Snow frowned. That many bedrooms in that size of a house meant small rooms. He preferred fewer, bigger rooms. He glanced at Jude, who sent him an amused look. Snow frowned harder when he noticed the dark circles that probably matched his own. They should have waited to do this—should have spent the day catching up on sleep. His gaze ran down Jude’s body, liking the black leather jacket, the form-fitting jeans. Or…they should have spent half a day catching up on sleep. It had been
a long week.
Jude caught his look and narrowed his eyes.
The heat that flared between them still had the power to stun Snow silent.
“It has a pool in the backyard, did I tell you?” Anna leaned over the seat again. The woman obviously didn’t believe in seat belts. “You could have family pool parties.”
Jude groaned. “Mana, the last thing I want is to see is Uncle Rick in a bathing suit.”
Snow glanced in the rearview mirror to find her wrinkling her nose.
“You’re right. Maybe a pool isn’t a good idea.”
Snow tightened his hands on the steering wheel as he decided there would be no pool. It wasn’t that he didn’t like Jude’s family, it was just that there were so many of them. Aunts and uncles and cousins and second cousins and long-time friends of the family who were regarded as family. And all of them made up the nosiest bunch of people he’d ever met. Add in that he tried, really tried, to be polite with them and he left the gatherings exhausted. He hadn’t been with Jude that long and there had already been two.
They were all too damned curious about him and just randomly showed up at Anna’s dinners.
Anna patted his shoulder. “The third place on our route has a sweet, little greenhouse in the backyard.”
Greenhouse? Greenhouse?
They should have made a list of things they both wanted in a place before setting Jude’s mom loose on Cincinnati.
He knew the first place wouldn’t work when he saw the size of the garage, though he didn’t have the heart to say anything because Anna grabbed his hand and didn’t let go as she dragged him from room to room.
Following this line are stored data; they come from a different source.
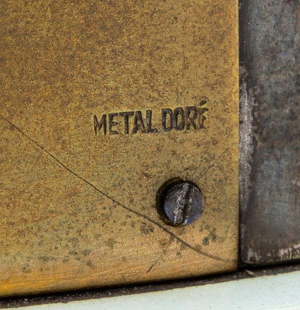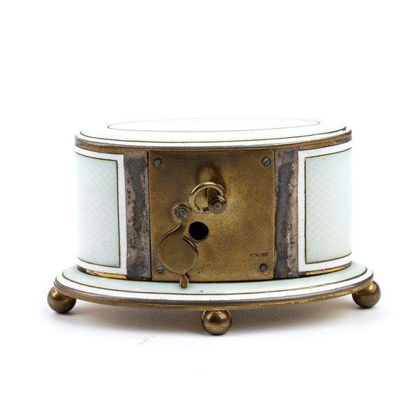 Cassa di forma ovale in metallo dorato con smalti guilloché nei toni dell'azzurro con cornici bianche, quadrante dorato con numeri arabi e sfere nere. Nella parte posteriore, "Metal Dore". Rimessa delle ore a chiave.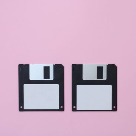 Two black floppy disks on a pink background.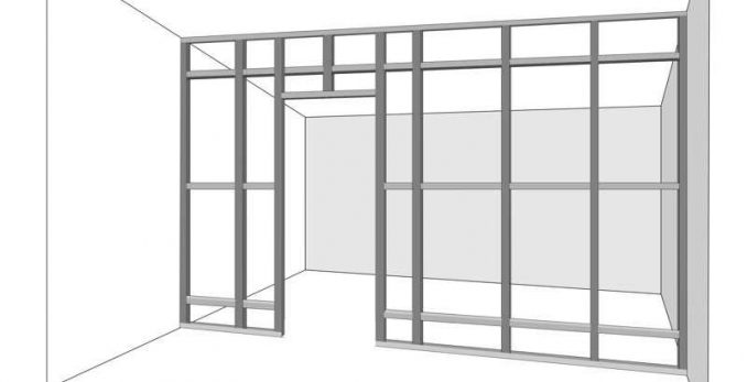- Наличие перемычек, которые состоят из стоечного профиля. Они располагаются на расстоянии 75 см друг от друга, причем верхняя перемычка должна находиться на стыке листов гипсокартона, если длины листов недостаточно по высоте. Поэтому размеры всех перемычек складываются и прибавляются к стоечным профилям.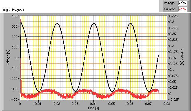 The inrush current has been measured for different voltage start angles; from 0 – 170 degrees with a 10 degrees step. The current- and voltage values have been acquires at a sample speed of 39.9 kS/s. Then this data has been fed into a second order 2kHz low pass Butterworth filter. This removes the current spikes that do not represent relevant values.

Jude’s mother was…confusing. He still didn’t know how to take her. His experiences with mothers hadn’t been great. His mother had loved him, but she’d died when he was so young, the good memories were barely there and fuzzy. He’d been around Lucas’s mother some, but she’d always been tired and frazzled with everything coming out of her mouth containing an irritated undertone—as if she couldn’t believe her children weren’t self-sufficient enough to handle things themselves. She hadn’t been someone he wanted to know. Hell, Lucas hadn’t even spoken to her in twenty years. Anna was different and she’d made it plain she planned to be a part of his life whether he liked it or not.